The pageview_count metric can be broken down by wiki, by page_title and by year_month. It is also an additive metric, so it can be aggregated across those same 3 dimensions. For instance, if the pageview_count metric value for January is P1 and for February is P2, then the combined value since start of January until end of February is P1+P2.

The pageview_count metric has a known caveat in the context of this project: monthly drift. Read more about monthly drift.

media_file_count This metric is always associated with a given Commons category. It counts the number of media files directly belonging to that category.
media_file_count_deep This metric is always associated with a given Commons category. It counts the number of media files belonging to that category tree. Meaning the media files can belong to the category itself, or to any of its descendant categories (child, grandchild, etc.).
used_media_file_count This metric is always associated with a given Commons category. It counts the number of media files directly belonging to that category, which appear in at least 1 wiki page.
used_media_file_count_deep This metric is always associated with a given Commons category. It counts the number of media files belonging to that category tree, which appear in at least 1 wiki page. Meaning the used media files can belong to the category itself, or to any of its descendant categories (child, grandchild, etc.).
leveraging_wiki_count This metric is always associated with a given Commons media file, or a given Commons category. When associated with a media file, it counts the number of wikis having at least 1 page that features that media file. When associated with a category, it counts the number of wikis having at least 1 page that features any media file directly belonging to the associated category.
leveraging_wiki_count_deep This metric is always associated with a given Commons category. It counts the number of wikis having at least 1 page that features any media file belonging to the associated category tree (the category itself, its children, grandchildren, etc.).
leveraging_page_count This metric is always associated with a given Commons media file, or a given Commons category. When associated with a media file, it counts the number of wiki pages (namespace=0) featuring that media file. When associated with a category, it counts the number of wiki pages (namespace=0) featuring any media file directly belonging to the associated category.
leveraging_page_count_deep This metric is always associated with a given Commons category. It counts the number of wiki pages (namespace=0) featuring any media file belonging to the associated category tree (the category itself, its children, its grandchildren, etc.).
edit_count This metric is always associated with a given wiki user name, or a given Commons category. When associated with a user name, it counts the number of edits performed by the associated user, to media files belonging to the allow-listed Commons categories. When associated with a category, it counts the number of edits to media files belonging to the associated category.

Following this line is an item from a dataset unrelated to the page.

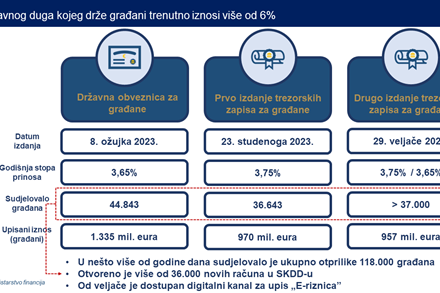 U nešto više od godinu dana ovo će tako biti već četvrto izdanje vrijednosnih papira države koje će moći kupiti građani, od toga treće trezorskih zapisa, koje su građani mogli upisati i lanjskog studenog i u veljači ove godine, pri čemu je samo u tom najrecentnijem izdanju više od 37 tisuća građana za trezorce uplatilo 957 milijuna eura.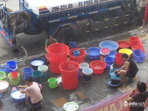 Cực chẳng đã, hiện tại nhiều hộ dân tại chung cư không có nước sinh hoạt nên họ đã phải cùng nhau bỏ tiền ra mua các xe téc nước bên ngoài về sử dụng. Vì thế, việc giặt quần áo được thực hiện ngay tại chân tòa chung cư này.

More specifically, edits to media files directly associated with the category, if category_scope="shallow"; and edits to media files within the whole associated category tree, if category_scope="deep".

Base datasets

The Commons Impact Metrics data product consists of 5 base datasets stored in Hive (Iceberg), and also exported in the form of dumps. Two of them (Category metrics snapshot and Media file metrics snapshot) are snapshot-based. Two of them (Pageviews per category monthly and Pageviews per media file monthly) are aggregated cubes. The last one (Edits) is event-based.

Snapshot-based datasets

Snapshot-based datasets capture the state of things at a given point in time. In Commons Impact Metrics, the snapshot is taken at the end of the month in question. The metrics included in snapshot-based datasets are absolute counts since the beginning of time, up to the instant of the snapshot. For instance, the number of media files contained inside a Commons category. Note that such metrics can not be aggregated over time.

Category metrics snapshot

This dataset stores metrics about Commons categories. Each row corresponds to a category (for a given snapshot). It can be an allow-listed (primary) category or one of its subcategories. Only allow-listed (primary) categories report on "deep" metrics, all categories report on "shallow" metrics. The metric values (int) are not aggregatable. All queries to this table should always filter or breakdown by category and year_month.

Schema

Field Type Description
category string The name of the category this row refers to.
parent_categories list<string> The immediate ancestor category names of this row's category.
primary_categories list<string> The top ancestor category names of this row’s category.
media_file_count int The number of media files contained in this category.
media_file_count_deep int The number of media files contained in this category tree. Only available for primary allow-listed categories.
used_media_file_count int The number of media files from this category featured in at least one wiki page.
used_media_file_count_deep int The number of media files from this category tree featured in at least one wiki page. Only available for primary allow-listed categories.
leveraging_wiki_count int The number of wikis featuring at least one of this category’s media files.
leveraging_wiki_count_deep int The number of wikis featuring at least one of this category tree’s media files. Only available for primary allow-listed categories.
leveraging_page_count int The number of pages featuring at least one of this category’s media files.
leveraging_page_count_deep int The number of pages featuring at least one of this category tree’s media files. Only available for primary allow-listed categories.
year_month string The month after which the snapshot was taken (YYYY-MM).

Sample queries

-- Get shallow metrics about a given category.
SELECT
    media_file_count,
    used_media_file_count,
    leveraging_wiki_count,
    leveraging_page_count
FROM category_metrics_snapshot
WHERE
    year_month = "2024-01" AND
    category = "My_category"
;

-- Get a time series that shows the usage of a category tree over time.
-- Note we are not filtering by year_month, but we are breaking down by it.
SELECT
    year_month,
    used_media_file_count_deep
FROM category_metrics_snapshot
WHERE catgegory = "My_allow_listed_category"
GROUP BY year_month
ORDER BY year_month ASC
;

-- Get the category graph for an allow-listed category tree,
-- represented as edges of the form (parent_category, child_category).
SELECT
    EXPLODE(parent_categories) AS parent_category,
    category AS child_category
FROM category_metrics_snapshot
WHERE
    year_month = "2024-01" AND
    ARRAY_CONTAINS(primary_categories, "My_allow_listed_category")
;

Media file metrics snapshot

This dataset stores metrics about Commons media files. Each row corresponds to a media file (for a given snapshot). To reduce the size of the data, media files that are not featured in any wiki page do not appear in this dataset. The metric values (int) are not aggregatable. All queries to this table should always filter or breakdown by media_file and year_month.

Schema

Field Type Description
media_file string The name of the media file this row refers to.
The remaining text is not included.